Ehlers-Danlos syndromes (EDS) are a group of inherited connective tissue disorders caused by abnormalities in the structure, production, and/or processing of collagen.
- The signs and symptoms of EDS vary by type and range from mildly loose joints to life-threatening complications.
- Features shared by many types include joint hypermobility and soft, velvety skin that is highly elastic (stretchy) and bruises easily.
- Mutations in a variety of genes may lead to EDS; however, the underlying genetic cause in some families is unknown.
- Depending on the subtype, EDS may be inherited in an autosomal dominant or an autosomal recessive manner.
- There is no specific cure for EDS.
- The treatment and management is focused on preventing serious complications and relieving associated signs and symptoms.

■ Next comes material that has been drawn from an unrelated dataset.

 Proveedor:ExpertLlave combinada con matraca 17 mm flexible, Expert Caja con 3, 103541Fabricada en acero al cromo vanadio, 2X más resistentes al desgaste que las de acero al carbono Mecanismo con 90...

ED syndrome; EDS; Ehlers Danlos syndrome
Arthrochalasia Ehlers-Danlos syndrome; Brittle cornea syndrome; Cardiac-Valvular Ehlers-Danlos syndrome The new classification, from 2017, includes 13 subtypes of EDS. Although other forms of the condition may exist, they are extremely rare and are not well-characterized.
Signs and Symptoms
There are 13 types of Ehlers-Danlos syndromes (EDS), with a significant overlap in features:
Hypermobile EDS - characterized primarily by joint hypermobility affecting both large and small joints, which may lead to recurrent joint dislocations and subluxations (partial dislocation). In general, people with this type have soft, smooth and velvety skin with easy bruising and chronic pain of the muscles and/or bones.

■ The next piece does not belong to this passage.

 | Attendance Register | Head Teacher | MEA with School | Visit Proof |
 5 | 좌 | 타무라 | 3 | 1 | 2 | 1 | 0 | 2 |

Classical EDS - associated with extremely elastic (stretchy), smooth skin that is fragile and bruises easily; wide, atrophic scars (flat or depressed scars); and joint hypermobility. Molluscoid pseudotumors (calcified hematomas over pressure points such as the elbow) and spheroids (fat-containing cysts on forearms and shins) are also frequently seen. Hypotonia and delayed motor development may occur.
Vascular EDS - characterized by thin, translucent skin that is extremely fragile and bruises easily. Arteries and certain organs such as the intestines and uterus are also fragile and prone to rupture. People with this type typically have short stature; thin scalp hair; and characteristic facial features including large eyes, a thin nose, and lobeless ears. Joint hypermobility is present, but generally confined to the small joints (fingers, toes). Other common features include club foot; tendon and/or muscle rupture; acrogeria (premature aging of the skin of the hands and feet); early onset varicose veins; pneumothorax (collapse of a lung); recession of the gums; and a decreased amount of fat under the skin.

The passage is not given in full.